Ironically, the state commission put its anti-Christian bias on the record. During the original dispute with Phillips, a publication contacted a number of Denver bakeries run by homosexuals, and asked for a cake quoting the Bible's condemnation of homosexuality.
All refused, and the commission exonerated them on the basis that such a message violated their beliefs.
The Colorado court decision, in fact, specifically said it was not ruling on any free speech rights, or nondiscrimination issues. It said that the case had to be dismissed because none of the paths allowed in Colorado law included Scardina filing the complaint in district court.
The only option open for him, would have been to appeal the dismissal that happened after Phillips sued the state for First Amendment violations, but he did not do that.
Three dissenting justices in the 4-3 ruling, still advocating for state control of religious beliefs, complained that the majority wouldn't "reach the merits of this case"

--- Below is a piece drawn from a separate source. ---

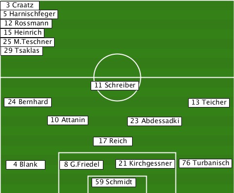 -3 Craatz------------------------ -5 Harnischfeger----------------- -12 Rossmann--------------------- -15 Heinrich--------------------- -25 M.Teschner------------------- --29 Tsaklas--------------------- --------------11 Schreiber------- --24 Bernhard---------------13 Teicher --------10 Attanin--23 Abdessadki- --------------17 Reich----------- --4 Blank--8 G.Friedel-21 Kirchgessner-76 Turbanisch --------------59 Schmidt---------

The dissenters complained, "Substantively, the majority's ruling throws Scardina completely out of court and deprives her (sic) of the opportunity to seek a remedy for alleged discriminatory conduct based on a novel interpretation of law that no party asserted and, to my knowledge, no court has adopted. Moreover, although the majority rules solely on procedural grounds, I am concerned that Masterpiece and Phillips will construe today's ruling as a vindication of their refusal to sell non-expressive products with no intrinsic meaning to customers who are members of a protected class (here, the LGBTQ+ community) if Phillips opposes the purpose for which the customers will use the products."